## ACTIVITY:
Below is a listing; retype exactly the line with "StrideLock® feature locks handles and pedals" and every line after it through the end, and only those, leaving out the pictures.

## EXTRACTED MATERIAL:
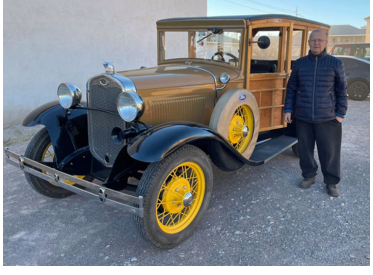
T's and an A at the Airport
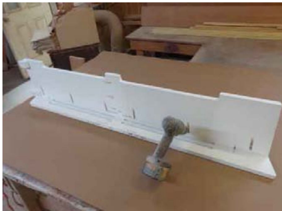
Screw the Frame & Panel together
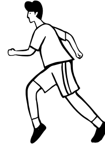
I like to

P K A A A M R Q A P Y L H W T P O L A L S X C K C L S E E X A H V G M Y B L Y E A A H W V I A O P O Q J A E C K M Y A H G Q B T T C S Q B K L M P I V N A A U O N F C I I G I K I N I D R Z E G F F P P R T N N N G N F D P M R O T Y X D V G J G T G I E T A A L N C D W X D O P H A S N Z B P Q R Q S A Z J T E E P H I L Q H E Y E S T A H D Q G I I N D X Y O D Y E C L C X S U C N G I Z C B P F N H R E A D I N G Y C Y T P Z T L I F E V V T I T N V A H A D O I N G Y O G A C S L Y R M F Q C A G W L O D R I Z E B F E
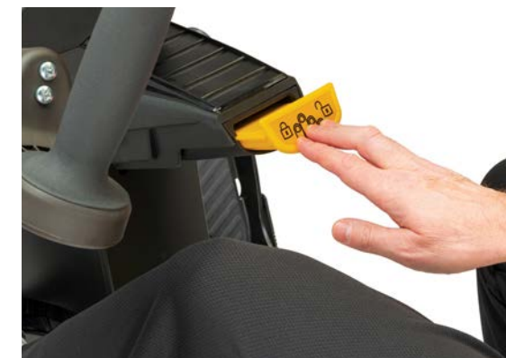
StrideLock® feature locks handles and pedals
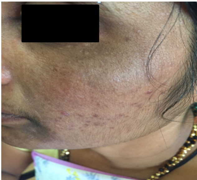
Fig. 4: Hypertrichosis in a 29 year old female with hypertrichosis and acneiform eruptions.

## RESPONSE TO THE TASK:
StrideLock® feature locks handles and pedals
Fig. 4: Hypertrichosis in a 29 year old female with hypertrichosis and acneiform eruptions.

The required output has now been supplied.